Чесс показалось, что у нее остановилось сердце. А потом застучало во всю мочь. Она удивилась, что чашки на блюдцах не затряслись от этого буханья; в голове у нее пульс бился с оглушающей силой.
— Все было отлично. До забастовки извозчиков мисс Фернклиф успела показать мне Вестминстерское аббатство и уйму музеев. В одном из них выставлены одни машины, возможно, тебе захочется их увидеть. Там есть ранние паровозы и первый паровой двигатель Джеймса Уатта…
Она знала, что тон у нее получился фальшивый, и чтобы остановиться, отпила кофе.
— Наверно, это интересно, — согласился Нэйтен, однако в его голосе не было убежденности. Какой прок от устаревших машин?

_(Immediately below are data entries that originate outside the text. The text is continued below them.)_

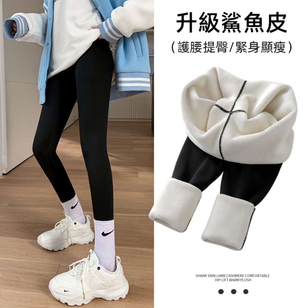 【台灣發貨】韓版高腰顯瘦加厚內刷毛鯊魚褲 寬褲 褲子 女裝【P140】 封面照片
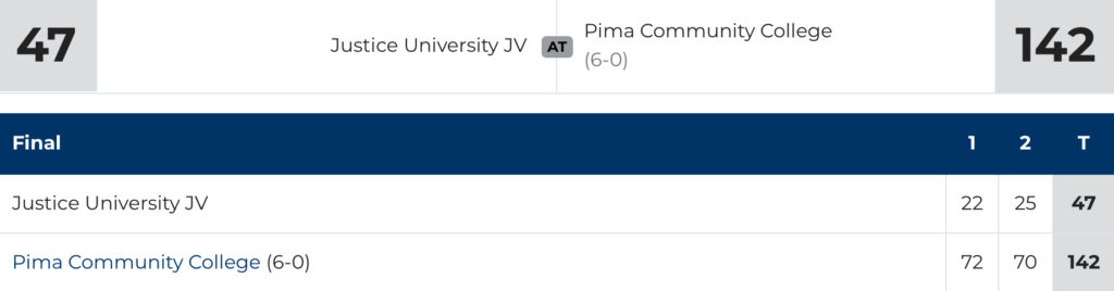 The Pima bench scored 59 points. Sophomore Ky Green led the way with 20 points while freshman Rowan McKenzie (Boulder Creek HS) had 17 points. Sophomore Brock Mendoza added 15 points.
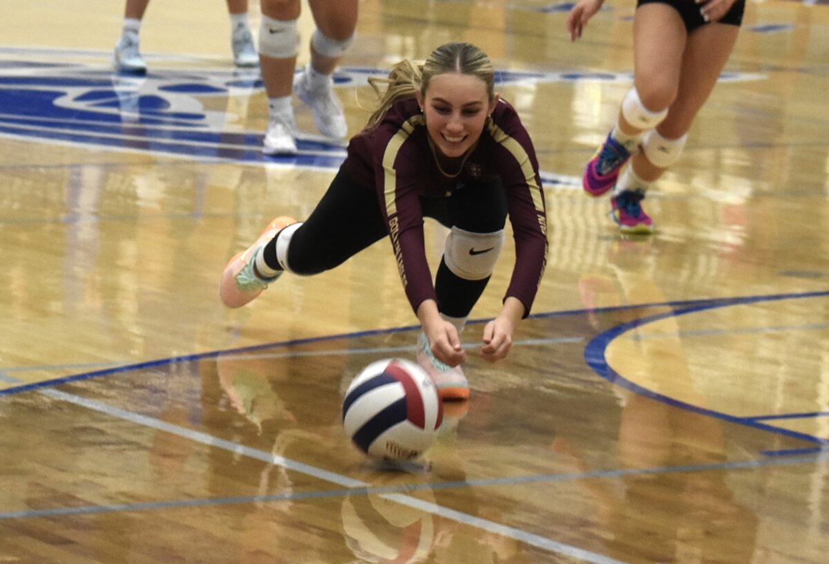 - Maple Mountain’s Olivia Roberts dives for a ball in a Region 7 girls volleyball match against Pleasant Grove on Thursday, Oct. 2, 2025.
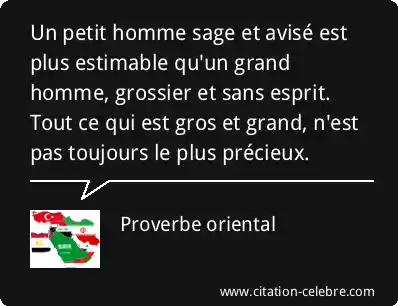 Un petit homme sage et avisé est plus estimable qu'un grand homme, grossier et sans esprit. Tout ce qui est gros et grand, n'est pas toujours le plus précieux.
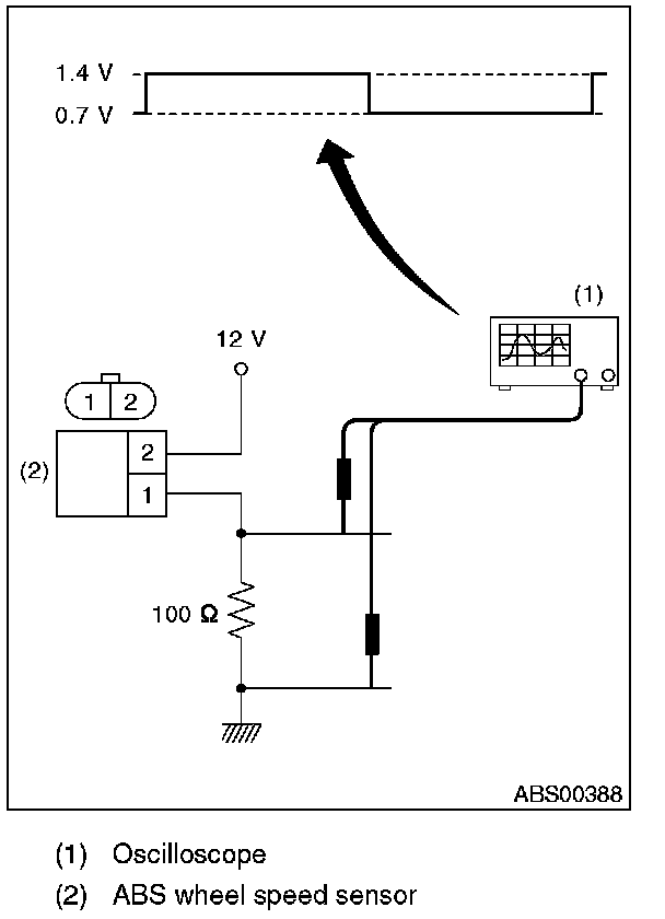 2) Connect a 12 V power supply to No. 2 terminal of sensor connector as shown in the figure, then attach resistance to the No. 1 terminal. Rotate the wheel at about 2.75 km/h (2 MPH), and measure the voltage using an oscilloscope.
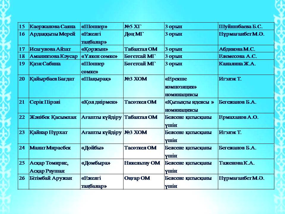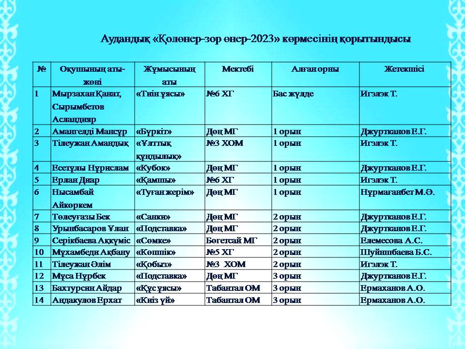 2023 жылы 28 сәуірде "Мектептен тыс білім беру орталығы" МКҚК ұйымдастыруымен аудандық "Қолөнер-зор өнер" көрмесі өткізілді. Көрменің мақсаты: балалар қолөнер шығармашылығын дамыту мен насихаттау, олардың қызығушылығын одан әрі арттыру. Көрмеге барлығы 9 мектеп қатысып, 65 жұмыс қойылды. Үздік жұмыстар аудандық білім бөлімінің мадақтамасымен марапатталды.
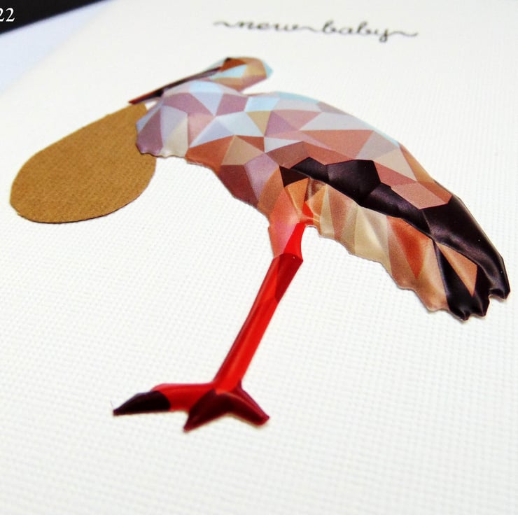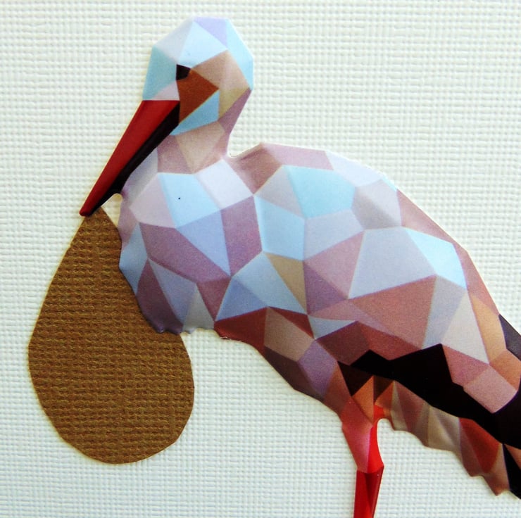 The plastic stork embellishment has been affixed to the card alongside the hand-cut textured paper bag.
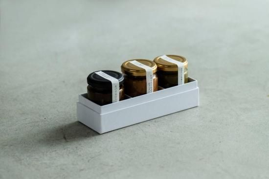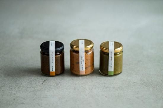 セロリと生姜のジャム120g(瓶)、トマトとくるみのディップソース120g(瓶)、SPICE SOURCE110g(瓶)
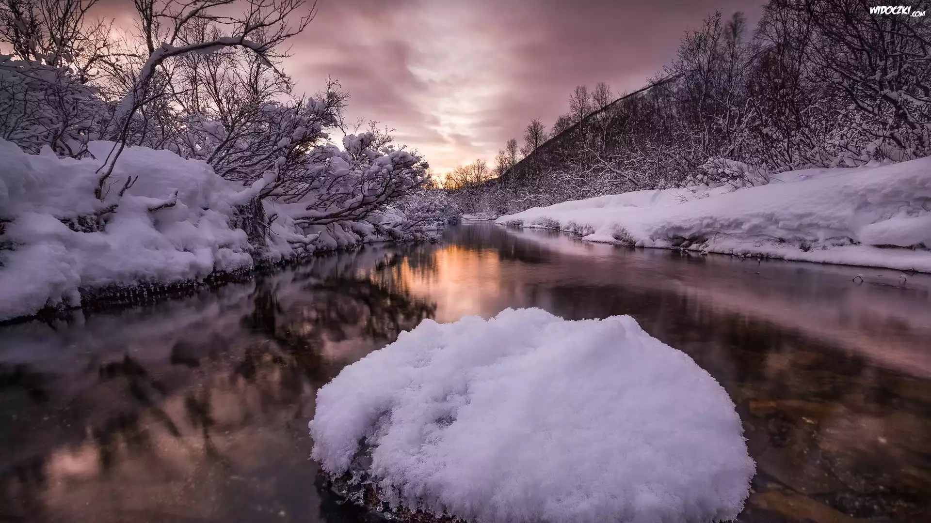 Zima, Rzeka, Ośnieżone, Gałęzie, Drzewa, Chmury

— Красивое платье. Мне нравится фиолетовый цвет.
Чесс улыбнулась.
— Этот цвет называется «цветом сливы». У меня новый портной, Нэйтен. Он до того странный, что примерка в его ателье напоминает цирковую репризу. Мне порекомендовал его Оскар Уайльд.
Нэйт слушал ее с вежливым вниманием.
— Сам Оскар Уайльд, Нэйтен! Он всемирно известный писатель. Мы с Рэндалом пили у него чай. Там я познакомилась с художниками и другими писателями. Мне даже дали экземпляр одной книги, которая еще не опубликована. Я смогу прочесть ее еще до того, как большинство читающей публики узнает о ней.
Теперь Нэйт заинтересовался по-настоящему. Его чтение ограничивалось сообщениями о новых изобретениях и бизнесе, но к писателям он питал глубокое уважение. Так же, как изобретатели, они были творцами, хотя от их творений было меньше пользы.
— Ты покажешь мне эту книгу? — спросил он. — А что из себя представляет тот писатель, который ее написал?
Чесс описала ему наружность и манеры Джорджа дю Морье и рассказала о затеянном против него судебном деле. Чем больше она говорила, тем большее наслаждение доставляли ей воспоминания о том фантастическом дне. Вскоре она уже хихикала, повествуя о том, как представители богемы разговаривают, одеваются и живут. Увлечение, с которым ее слушал Нэйтен, еще больше усиливало то удовольствие, которое она получала от своих рассказов.